### Exercise data ###

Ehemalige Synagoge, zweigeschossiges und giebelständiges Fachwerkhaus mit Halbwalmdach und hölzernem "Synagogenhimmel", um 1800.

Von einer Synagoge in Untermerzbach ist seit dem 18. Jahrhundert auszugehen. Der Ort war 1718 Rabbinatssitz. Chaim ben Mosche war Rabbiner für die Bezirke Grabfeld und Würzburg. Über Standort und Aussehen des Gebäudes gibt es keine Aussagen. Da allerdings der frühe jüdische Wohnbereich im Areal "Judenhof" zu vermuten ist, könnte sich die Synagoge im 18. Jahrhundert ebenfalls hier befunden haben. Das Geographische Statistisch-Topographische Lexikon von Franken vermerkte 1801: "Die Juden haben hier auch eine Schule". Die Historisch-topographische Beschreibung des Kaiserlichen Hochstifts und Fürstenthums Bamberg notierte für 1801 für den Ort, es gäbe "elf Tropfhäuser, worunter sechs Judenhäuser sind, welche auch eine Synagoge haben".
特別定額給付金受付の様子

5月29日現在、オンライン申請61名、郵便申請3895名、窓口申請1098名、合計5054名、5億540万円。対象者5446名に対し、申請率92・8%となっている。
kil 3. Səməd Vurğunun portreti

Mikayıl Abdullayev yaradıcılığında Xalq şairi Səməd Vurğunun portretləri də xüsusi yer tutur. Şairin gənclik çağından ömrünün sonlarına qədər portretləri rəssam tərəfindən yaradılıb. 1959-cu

###
### Exercise data ###

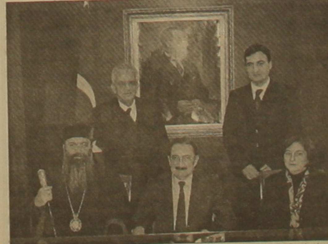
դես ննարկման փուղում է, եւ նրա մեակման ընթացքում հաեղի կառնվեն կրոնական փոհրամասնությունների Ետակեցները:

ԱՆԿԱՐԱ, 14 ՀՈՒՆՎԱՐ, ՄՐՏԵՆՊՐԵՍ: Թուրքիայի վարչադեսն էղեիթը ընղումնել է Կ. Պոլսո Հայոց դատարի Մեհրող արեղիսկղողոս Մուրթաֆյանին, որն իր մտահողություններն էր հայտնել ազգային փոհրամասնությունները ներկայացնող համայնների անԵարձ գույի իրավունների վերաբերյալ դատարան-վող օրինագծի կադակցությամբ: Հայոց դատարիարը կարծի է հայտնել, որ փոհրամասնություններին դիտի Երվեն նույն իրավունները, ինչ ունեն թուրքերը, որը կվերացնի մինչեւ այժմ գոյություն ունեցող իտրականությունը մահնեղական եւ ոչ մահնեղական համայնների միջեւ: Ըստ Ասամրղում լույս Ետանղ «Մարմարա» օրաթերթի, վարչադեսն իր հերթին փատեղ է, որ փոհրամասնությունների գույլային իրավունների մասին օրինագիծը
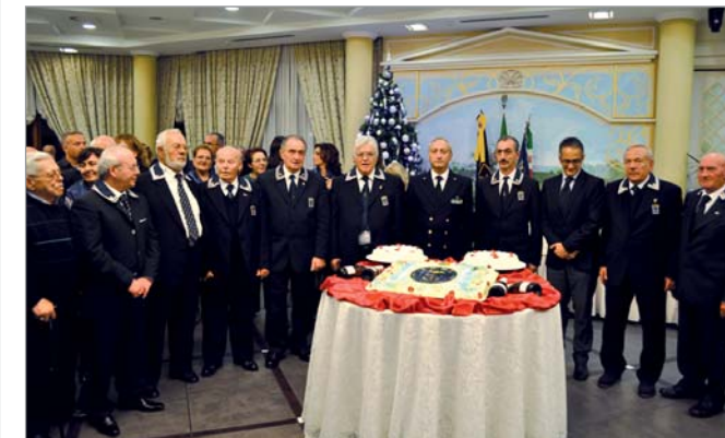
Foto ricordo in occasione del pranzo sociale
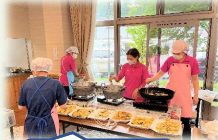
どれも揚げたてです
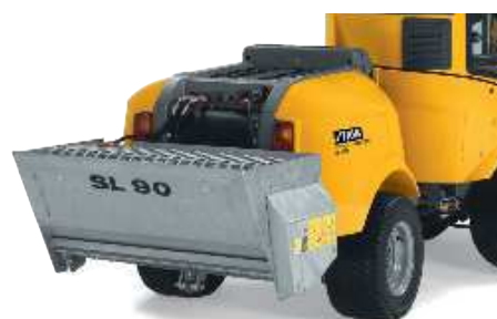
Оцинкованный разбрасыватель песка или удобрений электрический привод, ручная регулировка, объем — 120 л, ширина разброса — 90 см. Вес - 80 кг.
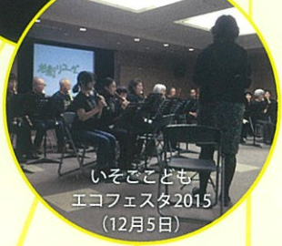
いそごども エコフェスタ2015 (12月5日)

###

■ **How to complete this task**:
Above are the records; copy exactly the lines from the line with "Ehemalige Synagoge, zweigeschossiges" through the line with "kil 3. Səməd Vurğunun portreti", both included.

■ **Written answer**:
Ehemalige Synagoge, zweigeschossiges und giebelständiges Fachwerkhaus mit Halbwalmdach und hölzernem "Synagogenhimmel", um 1800.

Von einer Synagoge in Untermerzbach ist seit dem 18. Jahrhundert auszugehen. Der Ort war 1718 Rabbinatssitz. Chaim ben Mosche war Rabbiner für die Bezirke Grabfeld und Würzburg. Über Standort und Aussehen des Gebäudes gibt es keine Aussagen. Da allerdings der frühe jüdische Wohnbereich im Areal "Judenhof" zu vermuten ist, könnte sich die Synagoge im 18. Jahrhundert ebenfalls hier befunden haben. Das Geographische Statistisch-Topographische Lexikon von Franken vermerkte 1801: "Die Juden haben hier auch eine Schule". Die Historisch-topographische Beschreibung des Kaiserlichen Hochstifts und Fürstenthums Bamberg notierte für 1801 für den Ort, es gäbe "elf Tropfhäuser, worunter sechs Judenhäuser sind, welche auch eine Synagoge haben".
特別定額給付金受付の様子

5月29日現在、オンライン申請61名、郵便申請3895名、窓口申請1098名、合計5054名、5億540万円。対象者5446名に対し、申請率92・8%となっている。
kil 3. Səməd Vurğunun portreti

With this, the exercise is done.